Negative electrode for lithium-ion batteries that achieves high cycling stability through a novel design combining silicon oxide active material with graphite. The electrode comprises silicon oxide (SiOx) as the primary active material, with graphite and nanoscale carbon contributing to electrical conductivity, and a high-performance polymer binder. The binder blend incorporates a high-strength polymer with an elastic modulus of 2.4 GPa, enabling laminated electrode structure. This design enables significant capacity retention during cycling, with cells achieving over 600 charge/discharge cycles while maintaining over 80% of initial capacity. The design is compatible with conventional positive electrode materials, including nickel-rich lithium nickel cobalt manganese oxide, and can be adapted for various battery formats.

9. Fibrous Silicon Precursor Anode with Porous Silica-Based Fiber for Lithium-Ion Batteries

UNIFRAX I LLC, 2021

Silicon-based anode materials for lithium-ion batteries that achieve improved cycle life and capacity compared to conventional anodes. The anode comprises a fibrous silicon precursor, which is processed through a series of chemical reduction steps to produce a porous silica-based fiber. The fiber is then washed and purified to create a highly porous structure with interconnected pores, where silicon is present in concentrations greater than 20 weight percent. This unique fiber architecture enables enhanced lithium-ion intercalation and capacity retention, while maintaining superior mechanical strength and thermal stability.

10. Silicon-Graphite Composite Anode with Interlayer Fiber Restraint and Controlled Expansion via Calcination Process

CHINA LITHIUM BATTERY TECHNOLOGY CO LTD, 2021

Silicon-graphite composite for lithium battery anodes that enhances anode performance through controlled expansion and intercalation resistance. The composite incorporates a silicon source fiber into an interlayer structure of flake graphite, where the fiber is restrained through an interfacial force to prevent excessive expansion during cycling. The composite is prepared through a novel calcination process that maintains the fiber's integrity while promoting controlled expansion and intercalation.

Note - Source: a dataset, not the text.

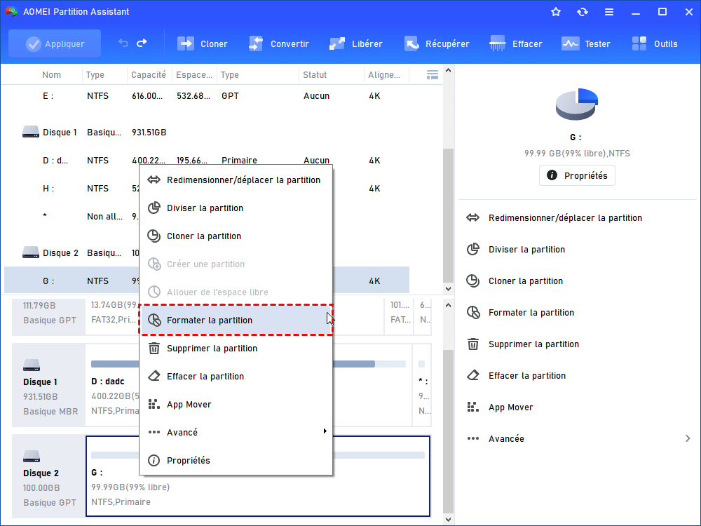 Étape 1. Faites un clic droit sur la partition concernée et choisissez « Formater la partition ».
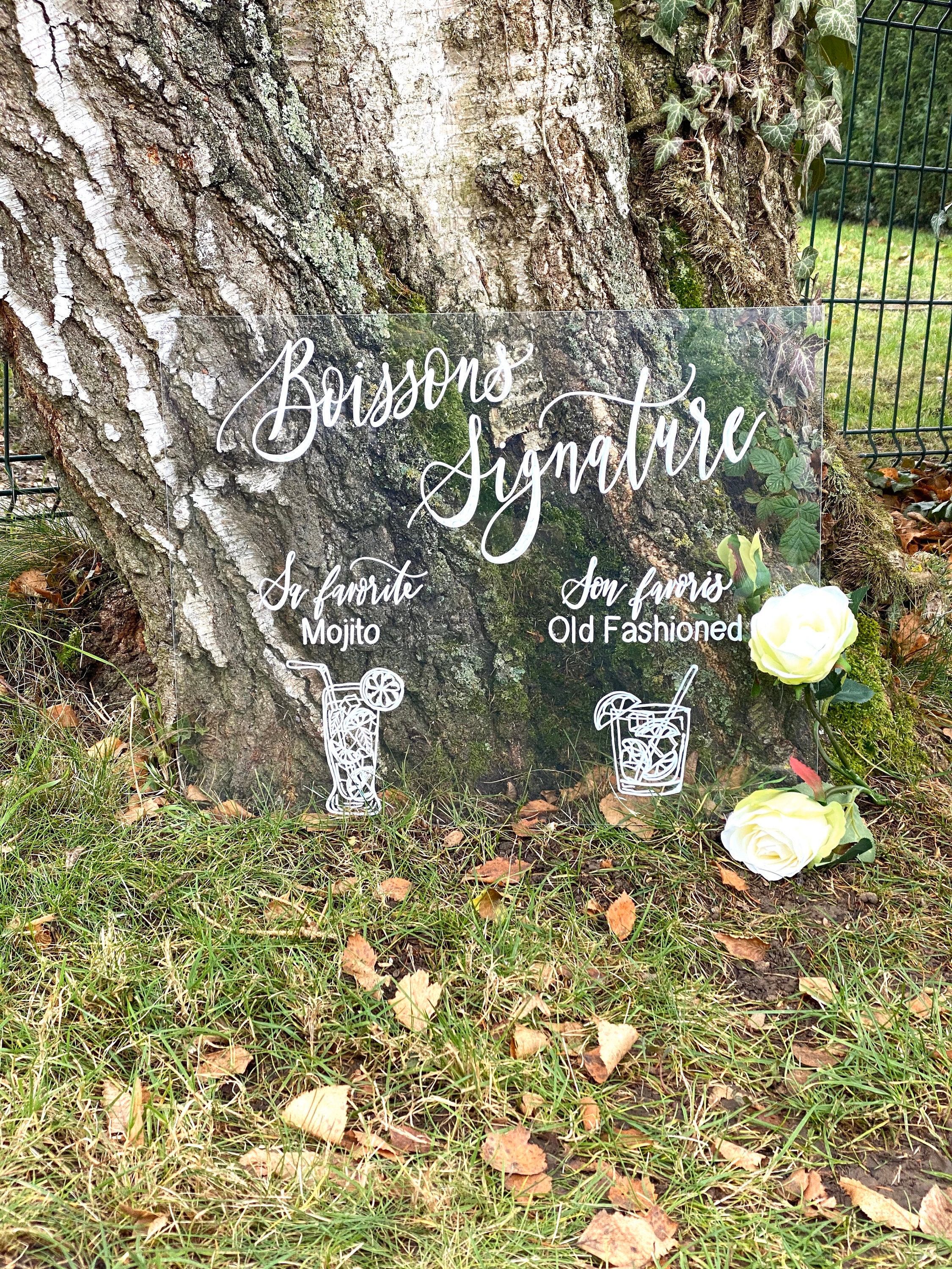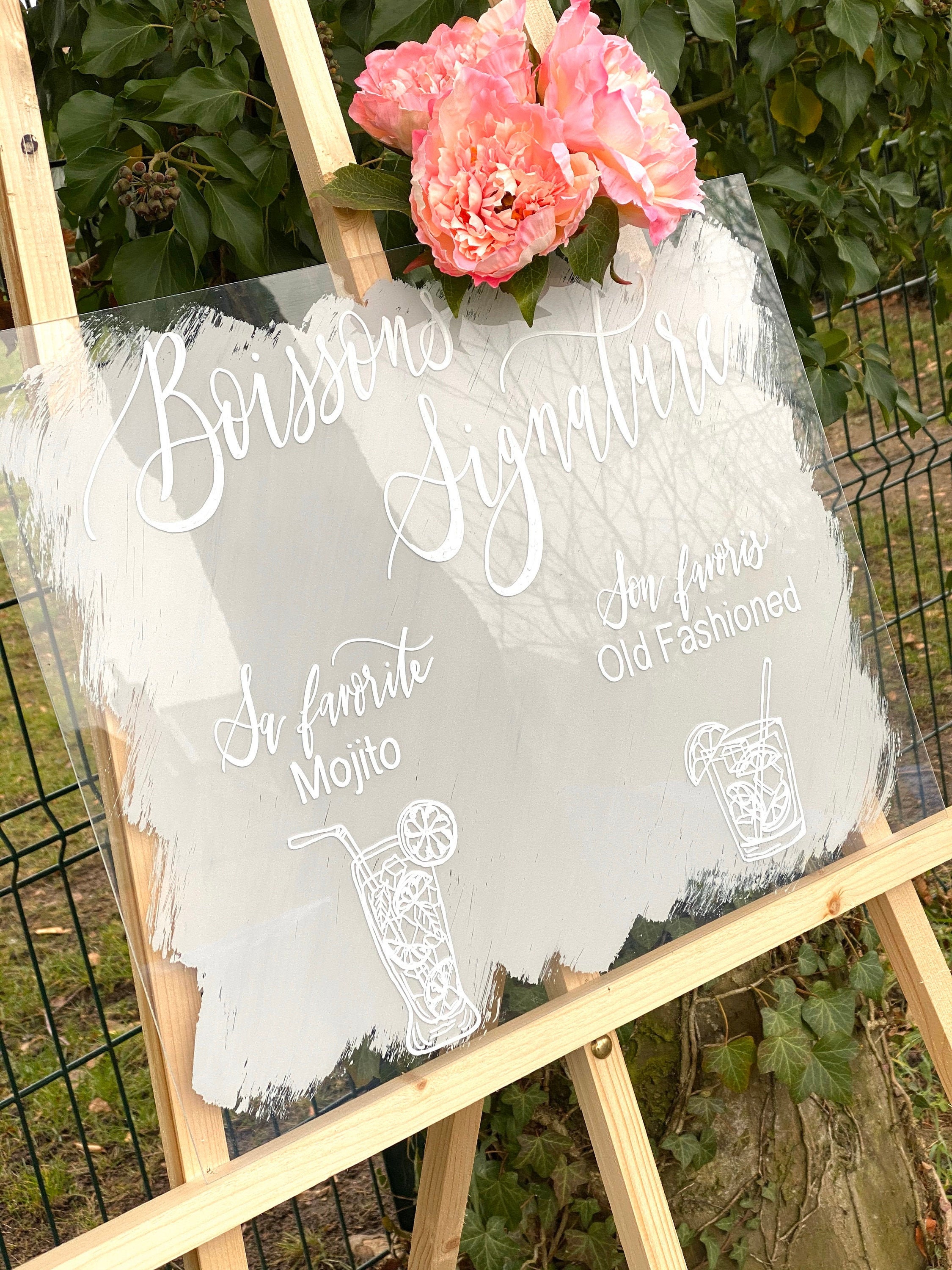 Panneau Boissons Signature Mariage En Acrylique Verso Peint Panneau Boissons Noms Des Boissons Au Choix Bar Ceremonie

11. Nanocomposites of Reduced Graphene Oxide and Hexagonal Boron Nitride with 2D Layer Synergy

SAUDI ARABIAN OIL CO, 2021

Nanocomposites comprising 2D carbon and 2D boron nitride materials, where the carbon material is reduced graphene oxide and the boron nitride material is hexagonal boron nitride, exhibit enhanced thermal stability, mechanical strength, and electrochemical performance. The 2D materials work synergistically to improve the nanocomposite's thermal resistance, surface area, and electrochemical properties, particularly under high temperature and pressure conditions. The nanocomposite can be used as an electrode material in lithium-ion batteries and supercapacitors, enabling safe and reliable operation at elevated temperatures and pressures.

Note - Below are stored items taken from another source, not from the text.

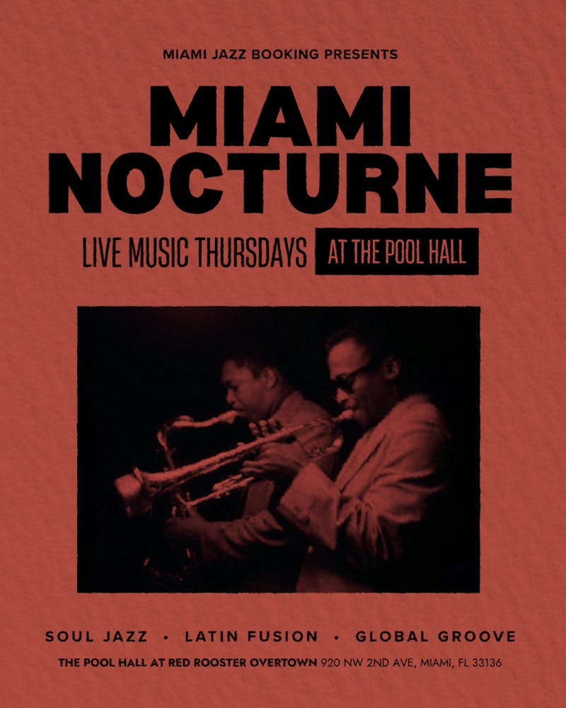 Introducing Miami Nocturne — a new weekly series presented by Miami Jazz Booking, every Thursday night, live from The Pool Hall at Red Rooster Overtown, spotlighting Miami’s finest alongside international touring artists shaping the sound of our city after dark.
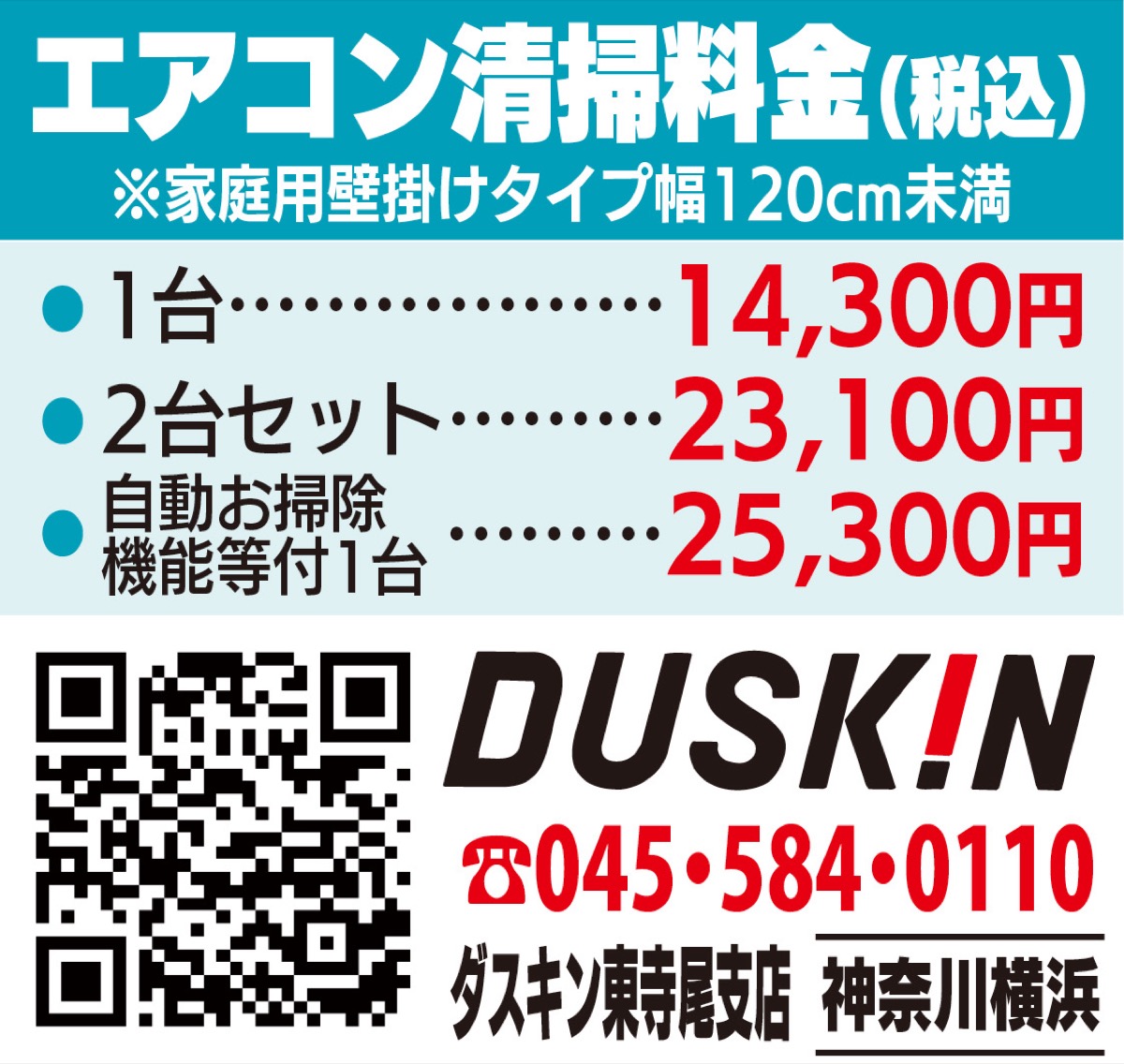 約50年の技術で「プロは違う」と評判のダスキンハウスクリーニング。エアコンは使用頻度の多い部屋やペットのいる家庭は1年をめどに掃除を勧める。自動清掃機能はフィルターだけなので、掃除不要は勘違いとか。「吹出口に黒カビ」「カビ臭い」などは健康を害する恐れもあり要注意。今なら「タウン見た」で抗菌コート1台分(2100円相当)半額に。
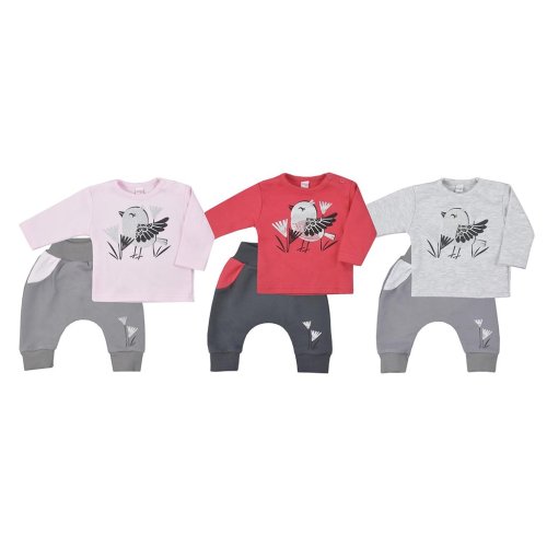 2-dílná bavlněná souprava Koala Birdy. Součástí soupravičky jsou tepláčky a tričko. Tepláčky mají moderní střih se sníženým sedem, který jim dodává ten správný šmrc, jsou zdobené obrázkem a ukončené širokým pružným lemem. Tričko je zdobené roztomilým obrázkem. Praktické zapínání na cvočky na ramínku velmi usnadní oblékání. Materiál: 100% bavlna.

12. Composite Lithium-Ion Battery Electrode with Single-Walled Carbon Nanotube-Integrated Polythiophene Binder

GEORGIA TECH RES INST, 2021

Composite electrodes for lithium-ion batteries that overcome conventional issues of cracking and pulverization during repeated charge-discharge cycles. The electrodes feature a conductive anode material, a charge-conducting binder, and a network of single-walled carbon nanotubes (SWNTs) bound to the binder's surface. The binder, a conjugated polythiophene, specifically interacts with the nanotube surface, effectively capturing and stabilizing the nanotubes while maintaining electrical conductivity. This architecture enables suppressed electrode breakdown, reduced electrode thickness variations, and enhanced SEI formation, leading to improved battery performance and durability.

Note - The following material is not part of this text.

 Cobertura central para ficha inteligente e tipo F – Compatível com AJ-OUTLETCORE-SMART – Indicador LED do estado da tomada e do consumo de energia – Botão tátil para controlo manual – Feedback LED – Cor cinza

13. Flexible Supercapacitor Electrodes with Nanomaterials in Controlled Orientations on Flexible Substrates

MASSACHUSETTS INSTITUTE OF TECHNOLOGY, ANALOG DEVICES INC, 2020

Flexible supercapacitor electrodes featuring nanomaterials arranged in controlled orientations on flexible substrates. The electrodes exhibit superior performance characteristics, including enhanced ion transport pathways and improved energy density, due to the deliberate arrangement of nanomaterials with specific orientations. The arrangement enables conformal conforming of conductive nanotubes or other materials to the flexible substrate surface, while maintaining mechanical stability under operational conditions.

US2020365335A1-patent-drawing

14. Flexible Supercapacitors with Carbon-Based Electrodes and Solid Electrolytes Featuring Pseudocapacitive Charging Mechanisms

ARTURO ISAIAS MARTINEZ ENRIQUEZ, 2020

Flexible supercapacitors with high energy density and power density, enabling applications requiring rapid charging and discharging. The supercapacitors employ carbon-based electrodes, including graphene and ceramic nanoparticles, and solid electrolytes, eliminating the need for lithium. The electrodes are combined with separators, polymers, and acid solutions to form a flexible battery architecture. The supercapacitors achieve exceptional performance through pseudocapacitive charging mechanisms, enabling applications like electronic devices, automotive systems, and medical devices.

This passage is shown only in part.